- _TASK BRIEF_:
Reprint the lines below as they are, minus the pictures.

- _MATERIALS PROVIDED_:
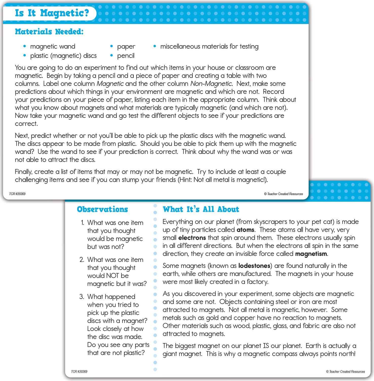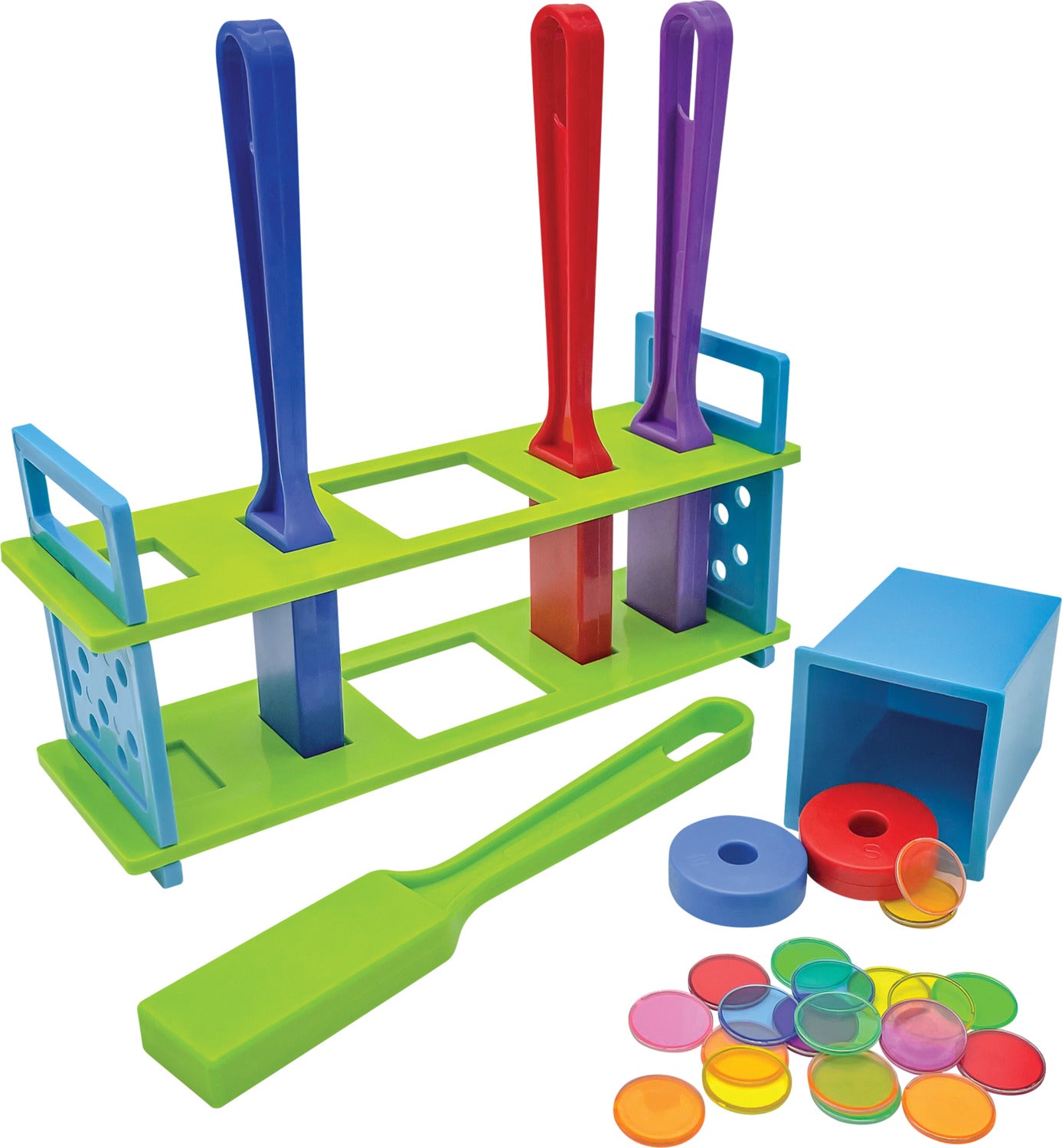 This science set comes with four easy-to-hold magnetic wands, two large ring magnets, and 20 colorful magnetically-receptive discs which all fit on a brightly colored storage stand. Use the five provided double-sided activity cards to help guide simple experiments using common household and classroom materials. Each card also includes observation questions and an introduction to basic scientific concepts. Perfect for stations or independent exploration.
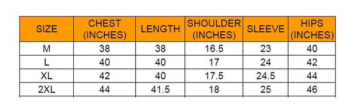 Size :- M (Chest Size-38), L (Chest Size-40), XL (Chest Size-42), 2XL (Chest Size-44)
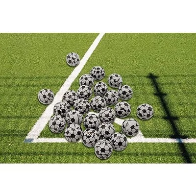 - Foil-wrapped milk chocolate balls designed to look like classic soccer balls
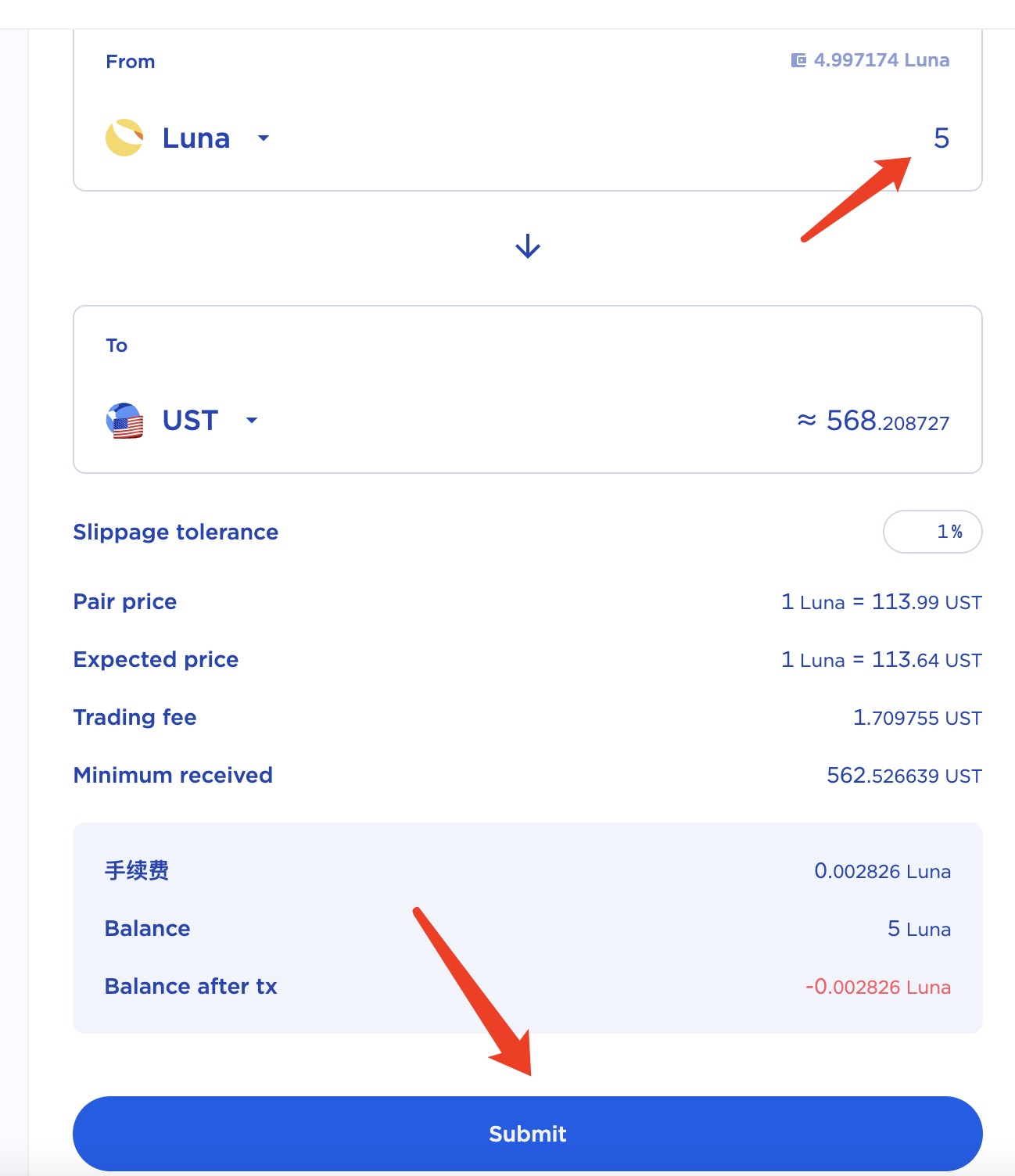 4,打开terra station并连接terra钱包,把领到的5个LUNA代币兑换成UST代币。
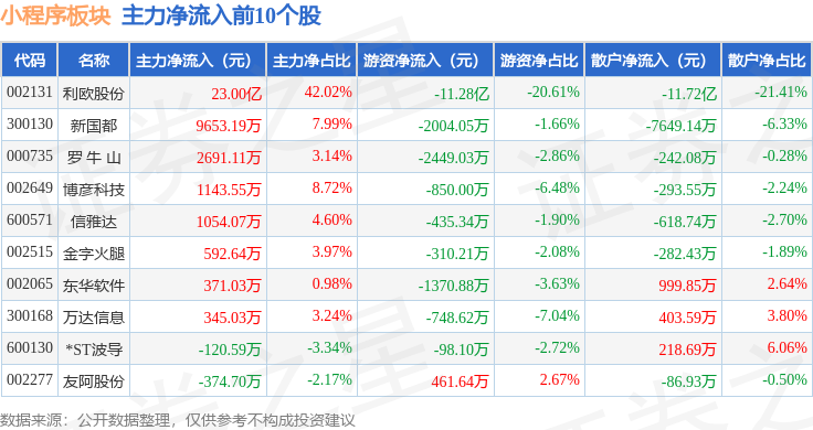 从资金流向上来看,当日小程序板块主力资金净流入23.84亿元,游资资金净流出12.01亿元,散户资金净流出11.83亿元。小程序板块个股资金流向见下表:
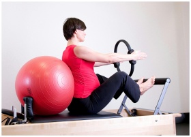 Pregnant woman in gym doing Pilates exercise with reformer and stability ball.
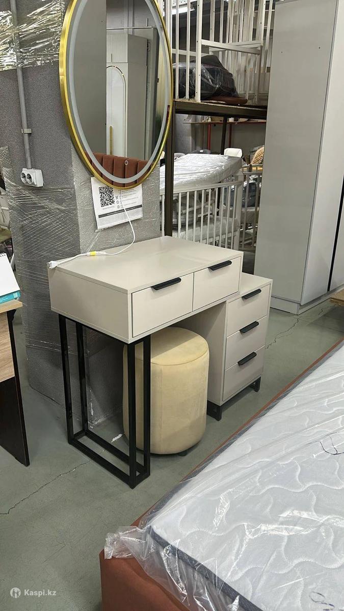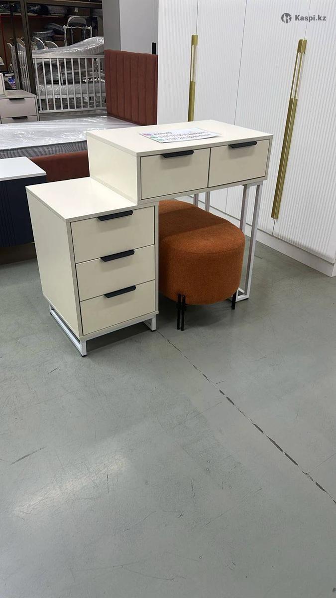 Консольный столик в наличии и на заказ. Материал - ЛДСП Фурнитура - металлическая Размер: 10075см Зеркало - 18.000тг Пуфик- 10.000тг
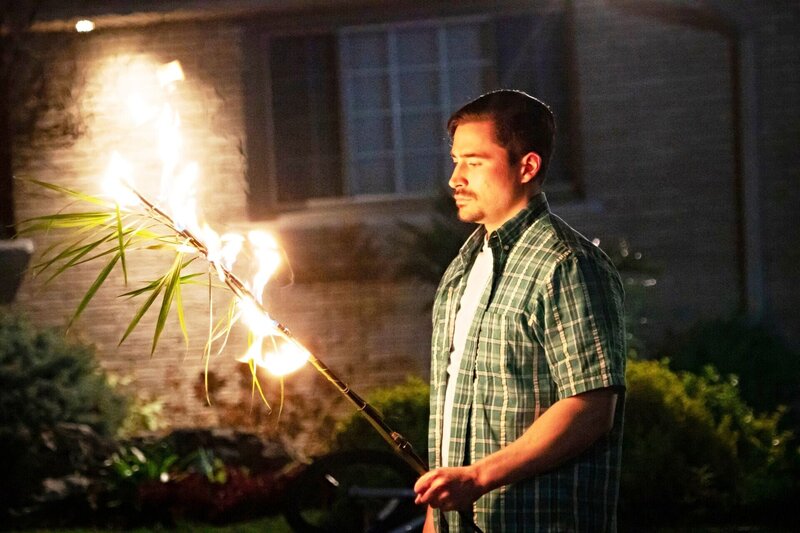 Ein Mann schaut auf eine brennende Pflanze in seiner Hand
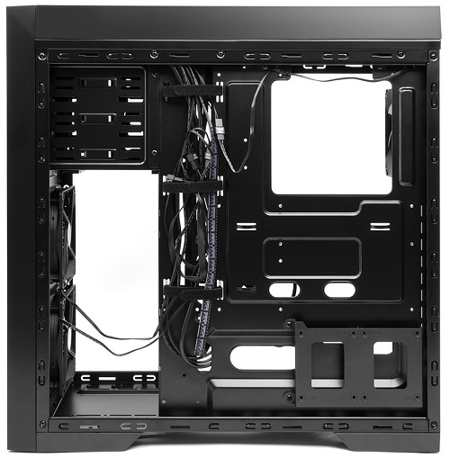 The case is designed for graphics cards up to 430 mm.  The number of expansion slots in P9 Window Antes case is eight.  Also, removing the basket for storage is possible to be mounted on the front wall of 240mm radiator liquid cooling system.  More a place in the 280- / 360-mm radiator is available on the top panel.  Note also that the body has a hole for attaching the liquid CO tank (again, instead of baskets for HDD).
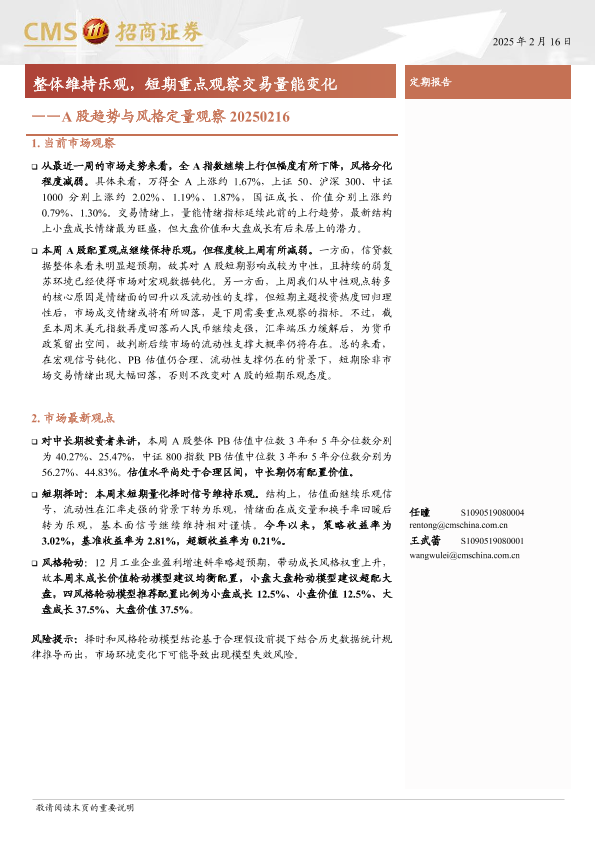 【海通证券】【20250216】A股趋势与风格定量观察:整体维持乐观,短期重点观察交易量能变化-10页
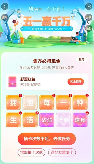 近期在快手当中开启了特殊的集卡活动,活动期间,集齐「拥」、「抱」、「每」、「一」、「种」、「生」、「活」7张卡片,可以合成集齐红包,可以在开奖期间随机瓜分千万现金红包。
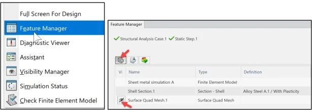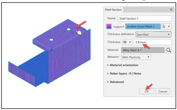 Launch the Structural Model Creation App from the SOLIDWORKS Task Pane. Create an empty Finite Element Model (FEM) linked to the shape of the part. Apply Alloy Steel. Create a Surface Quadratic Mesh. Utilize the Shell Section tool. Define the uniform shell thickness.

- _EXERCISE ANSWER_:
 This science set comes with four easy-to-hold magnetic wands, two large ring magnets, and 20 colorful magnetically-receptive discs which all fit on a brightly colored storage stand. Use the five provided double-sided activity cards to help guide simple experiments using common household and classroom materials. Each card also includes observation questions and an introduction to basic scientific concepts. Perfect for stations or independent exploration.
 Size :- M (Chest Size-38), L (Chest Size-40), XL (Chest Size-42), 2XL (Chest Size-44)
 - Foil-wrapped milk chocolate balls designed to look like classic soccer balls
 4,打开terra station并连接terra钱包,把领到的5个LUNA代币兑换成UST代币。
 从资金流向上来看,当日小程序板块主力资金净流入23.84亿元,游资资金净流出12.01亿元,散户资金净流出11.83亿元。小程序板块个股资金流向见下表:
 Pregnant woman in gym doing Pilates exercise with reformer and stability ball.
 Консольный столик в наличии и на заказ. Материал - ЛДСП Фурнитура - металлическая Размер: 10075см Зеркало - 18.000тг Пуфик- 10.000тг
 Ein Mann schaut auf eine brennende Pflanze in seiner Hand
 The case is designed for graphics cards up to 430 mm.  The number of expansion slots in P9 Window Antes case is eight.  Also, removing the basket for storage is possible to be mounted on the front wall of 240mm radiator liquid cooling system.  More a place in the 280- / 360-mm radiator is available on the top panel.  Note also that the body has a hole for attaching the liquid CO tank (again, instead of baskets for HDD).
 【海通证券】【20250216】A股趋势与风格定量观察:整体维持乐观,短期重点观察交易量能变化-10页
 近期在快手当中开启了特殊的集卡活动,活动期间,集齐「拥」、「抱」、「每」、「一」、「种」、「生」、「活」7张卡片,可以合成集齐红包,可以在开奖期间随机瓜分千万现金红包。
 Launch the Structural Model Creation App from the SOLIDWORKS Task Pane. Create an empty Finite Element Model (FEM) linked to the shape of the part. Apply Alloy Steel. Create a Surface Quadratic Mesh. Utilize the Shell Section tool. Define the uniform shell thickness.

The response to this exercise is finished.